Hi,
I have produced a set of VCF files with UnifiedGenotyper, using a custom BED file. Subsequently I have used Picard LiftOverVcf in order to lift these VCF files from hg38 to hg19.
/jdk/current/bin/java -jar picard.jar LiftoverVcf I=input.vcf O=output.vcf CHAIN=hg38ToHg19.over.chain REJECT=rejected.vcf R=ucsc.hg19.fasta
While inspecting the resulting VCFs, I have realised that the newly-generated "lifted-over" VCF files contain a few duplicated genomic positions, some of which having different base counts.

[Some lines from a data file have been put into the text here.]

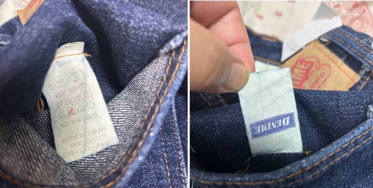 ●商品説明・・・90年代頃~00年代初め頃のオリゾンティ期の旧ドゥニームのミミ付きセルヴィッジデニムパンツです。ヴィンテージのリーバイスの60sの501ビッグEの最終モデルか501 66モデル(66前期)のレプリカ・復刻モデルのような感じです。501XXよりもややスリムなストレートシルエット感で、仕様としてはミミ付きセルヴィッジデニム・黒カン・紙パッチ・ボタンフライ・ポケット裏シングルなどです。まだアタリ・色落ちなどあまりでていない、濃紺に近いしっかり濃いインディゴ色で、これから履き込んでいただける一着です。日本製で素材はコットンで、しっかりしたオンスのデニム生地です。サイズ表記は31で、M程度のサイズ感かと思います。トップのボタンホールに解れがあったので、出品前にリペアしてあり問題無く使えるようになっています。
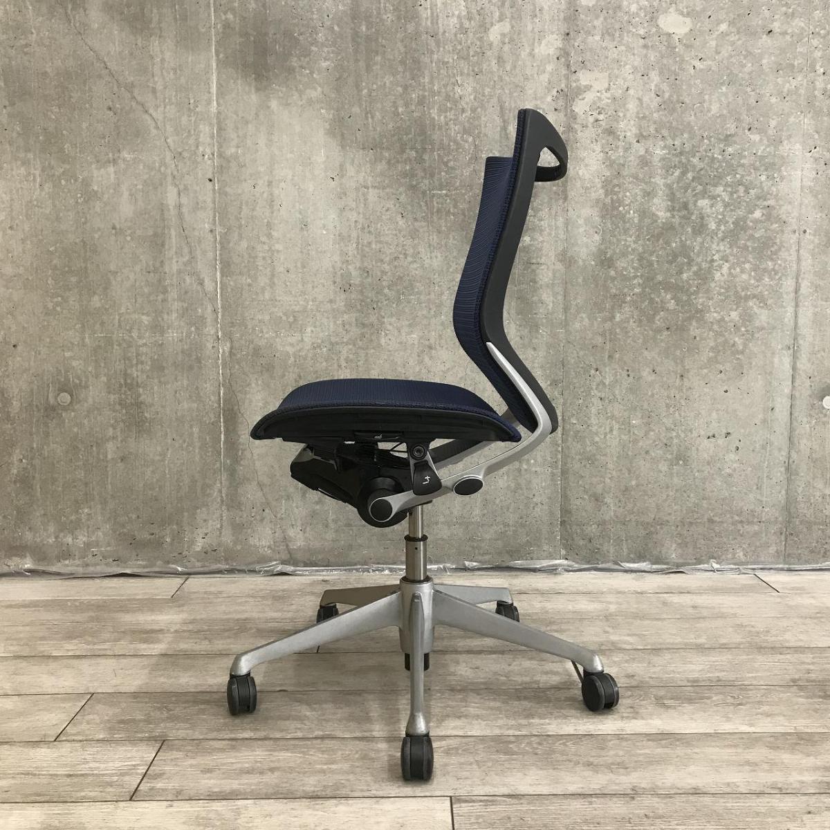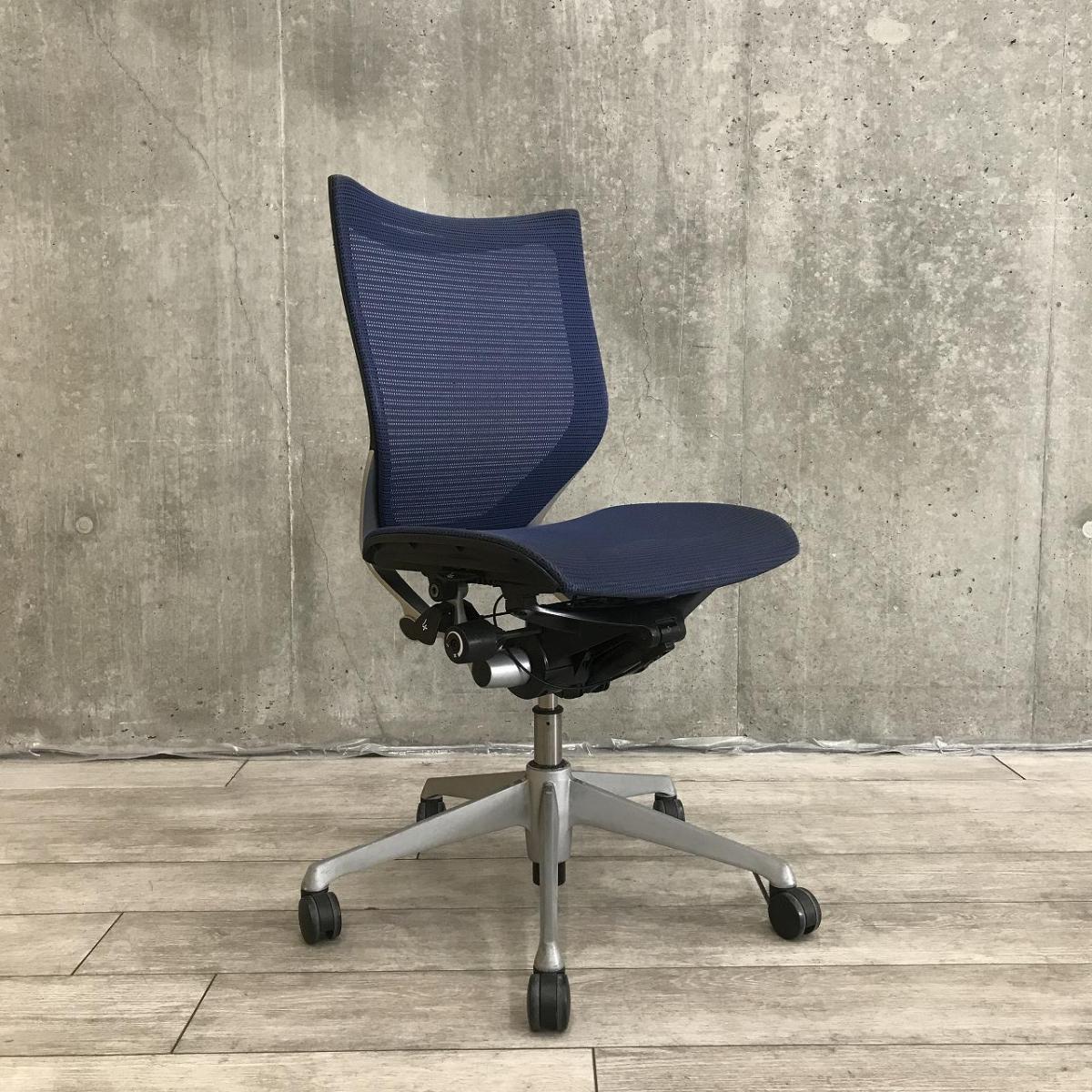 【オカムラ製の王道高級チェア!通気性ばっちりで長時間の着座も快適に過ごせます!】■オカムラ(okamura) バロン(Baron) 肘無し ローバック ■背面・座面メッシュ ■ブルー
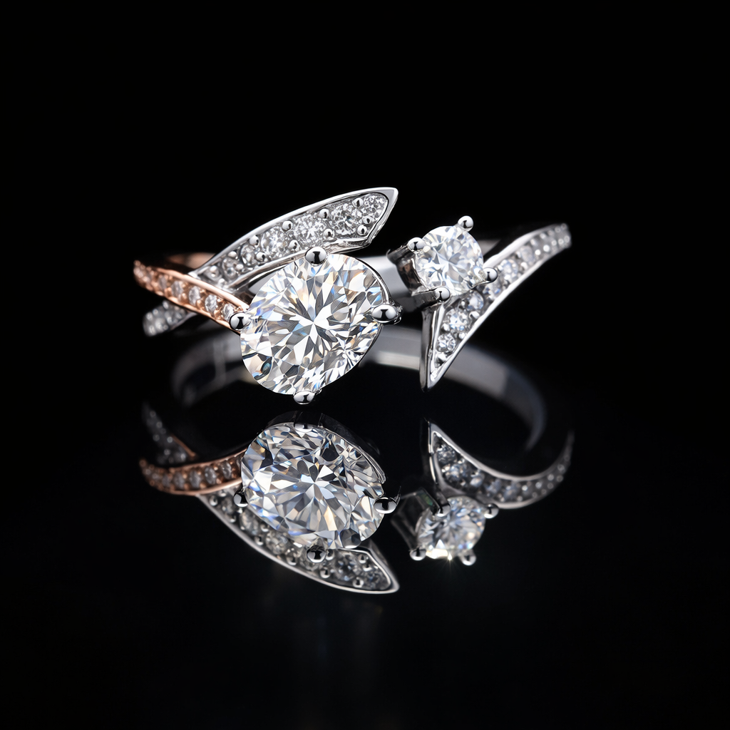 Set in premium polished silver with subtle rose-gold accents, the design blends contemporary luxury with timeless charm. The precision-cut moissanite stones ensure unmatched sparkle, making it a perfect choice for special occasions, proposals, or everyday elegance.
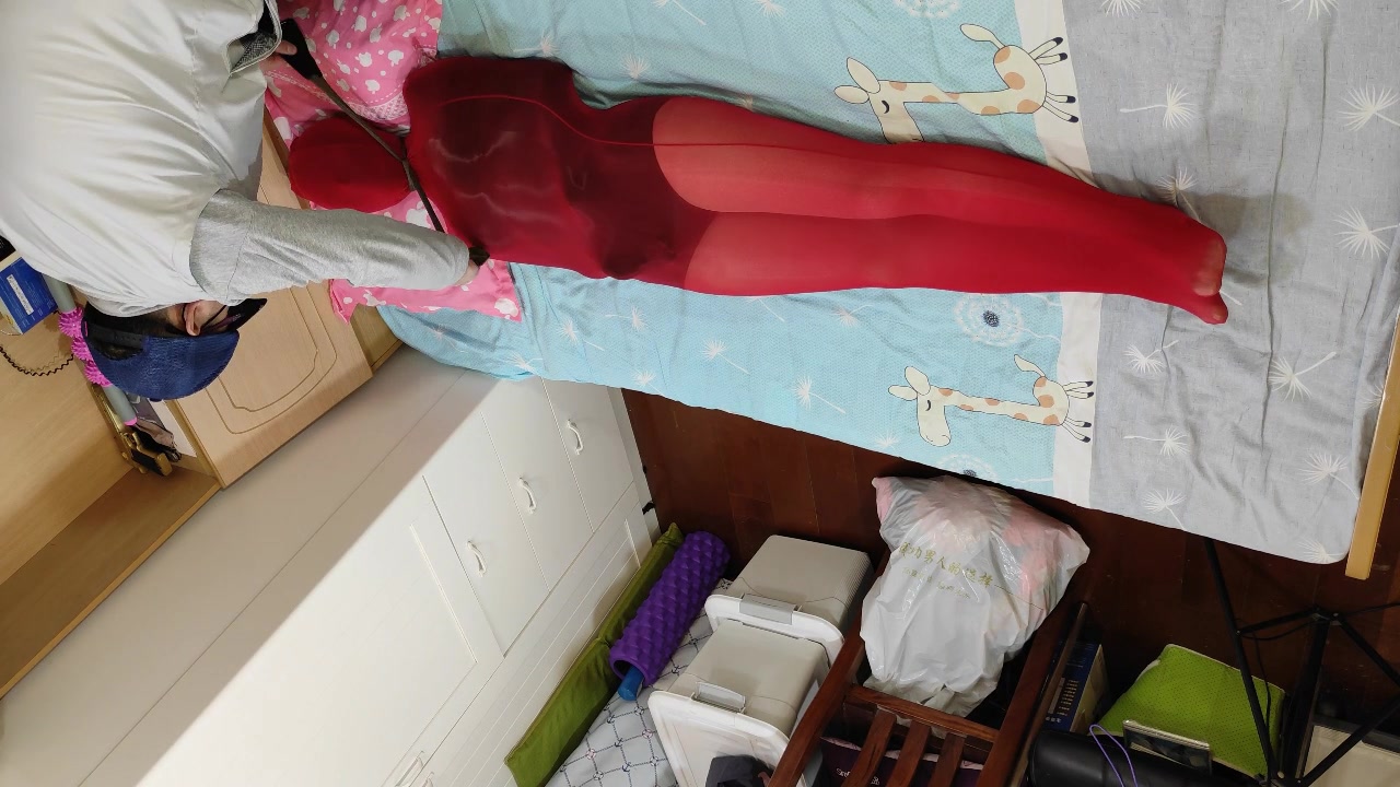 定拍的妹子第一次玩Zentai小白鞋装进红色丝袜袋中 ,双层裤袜配 Zentai,体操瑜伽动作 展示身体线条,穿上小白鞋,最后被装进红色丝袜睡袋中。
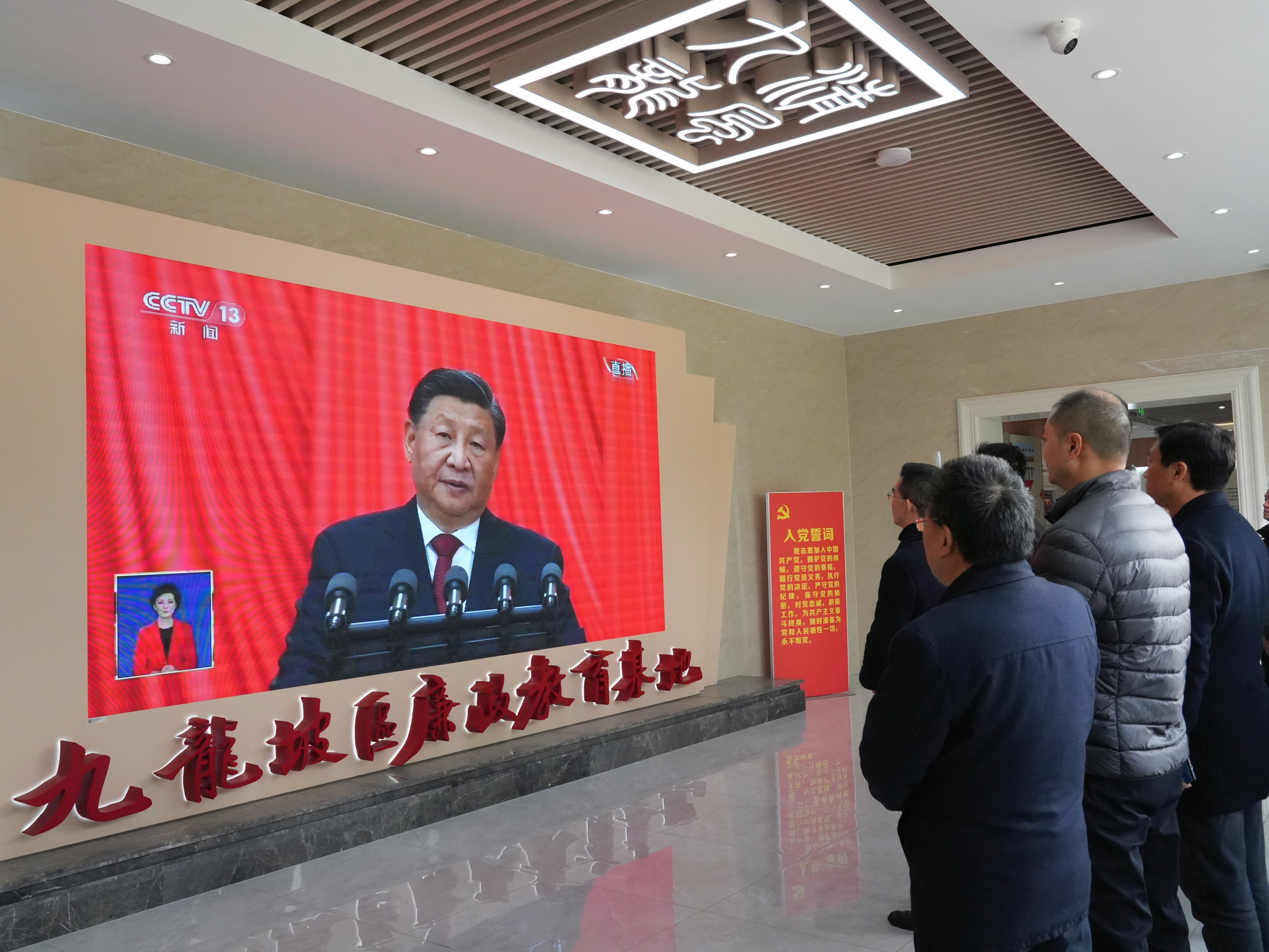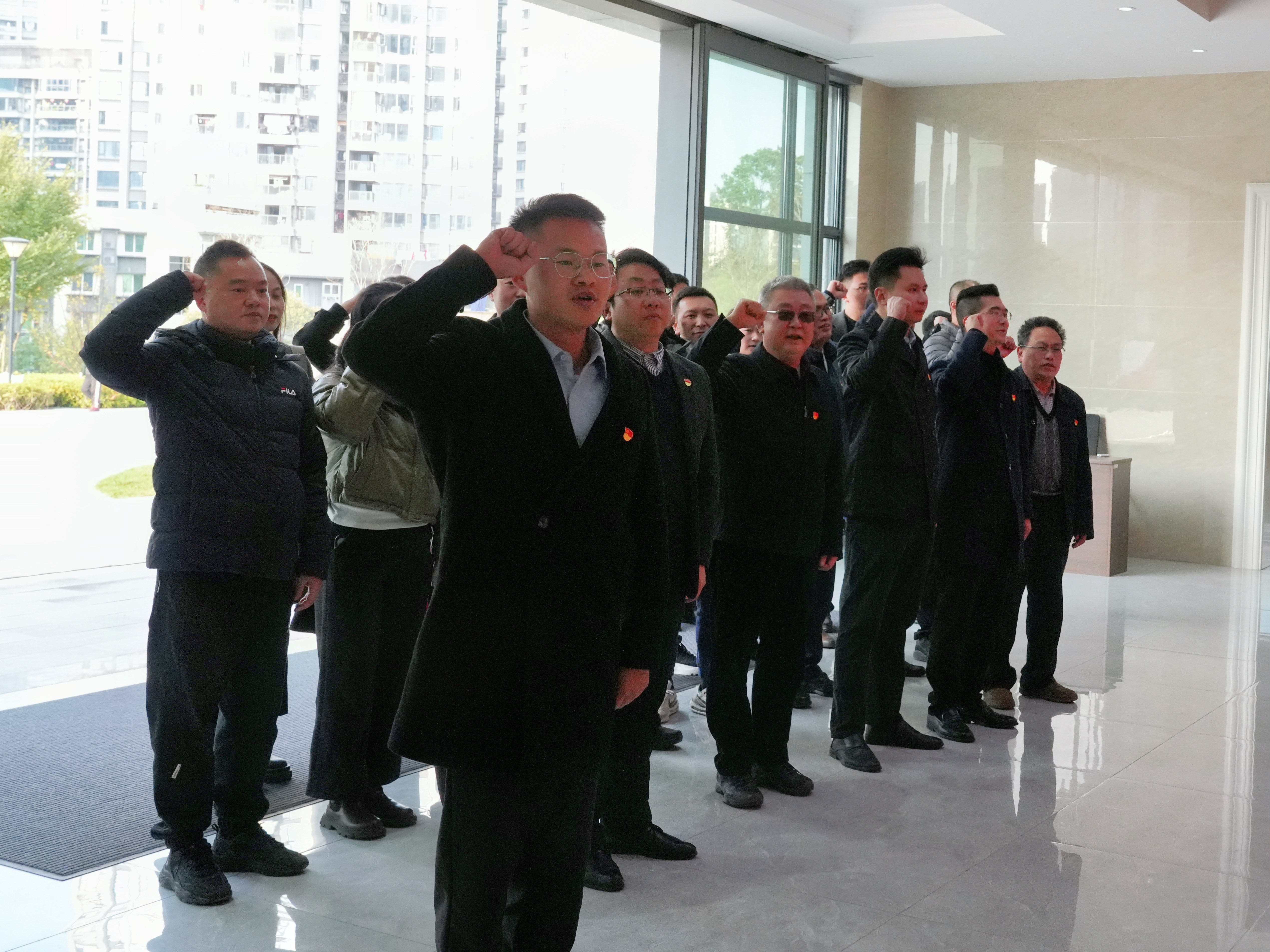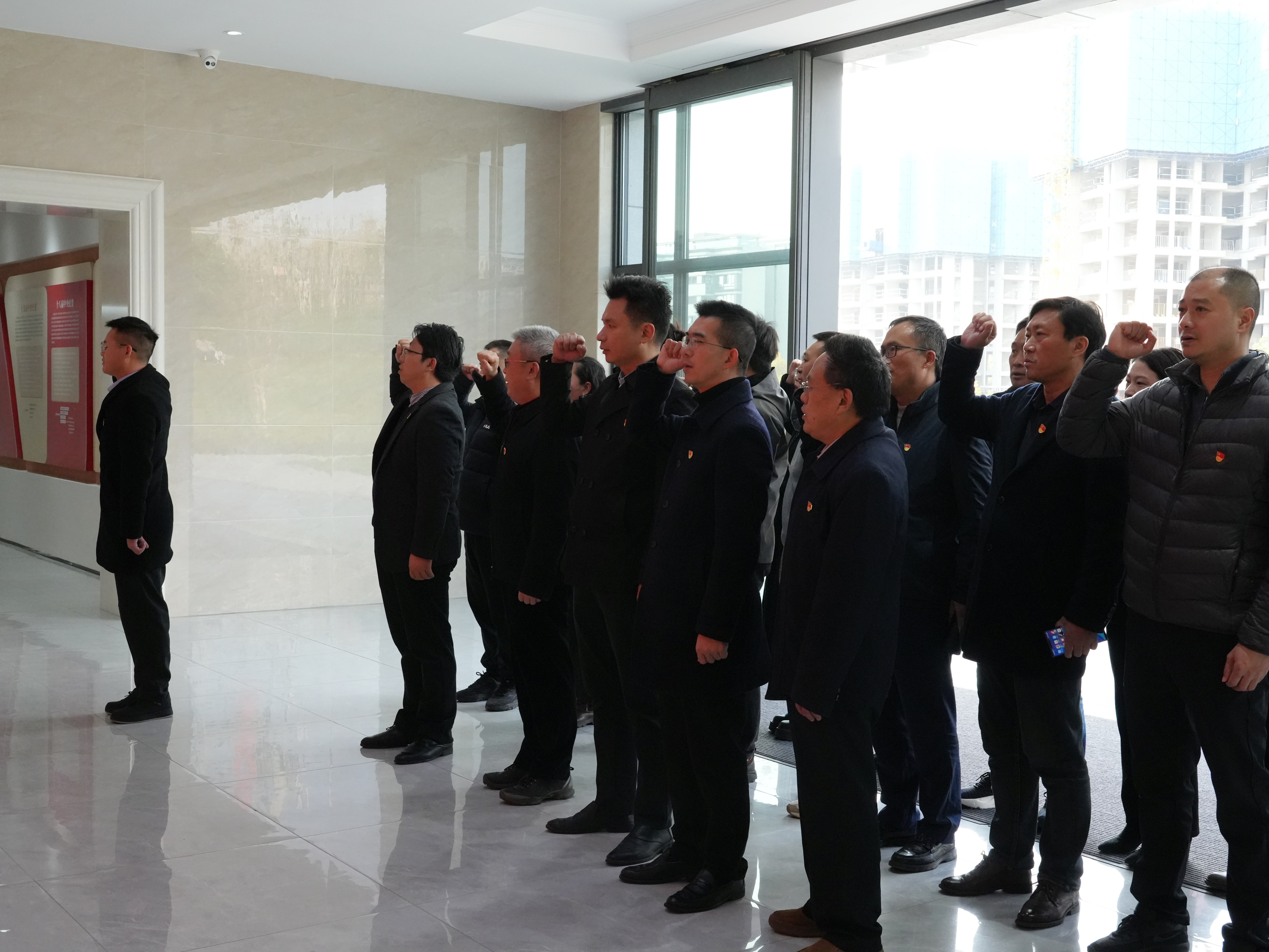 到达基地后,在纪委副书记、党群工作部副部长黎兴伟的领誓下,全体党员面向党旗重温入党誓词。接着,大家观看了专题教育短片《习近平总书记的告诫》。

I checked the corresponding genomic positions in the original VCFs, however there are no such "duplications" in the original VCFs.
#Before lift-over, hg 38
chr21 43107642 . G . . . BaseCounts=0,0,6,0;DP=6;LowMQ=1.0000,1.0000,6;MQ=0.00;MQ0=6;PercentNBase=0.0000;VariantType=NO_VARIATION GT ./.
#After lift-over, hg19
chr21 44527752 . G . . PASS BaseCounts=0,0,5,0;DP=5;LowMQ=1.0000,1.0000,5;MQ=0.00;MQ0=5;PercentNBase=0.0000;VariantType=NO_VARIATION GT ./.
chr21 44527752 . G . . PASS BaseCounts=0,0,6,0;DP=6;LowMQ=1.0000,1.0000,6;MQ=0.00;MQ0=6;PercentNBase=0.0000;VariantType=NO_VARIATION GT ./.
I was not able to understand why the LiftOverVcf produces these duplicates. Could you please help me on this?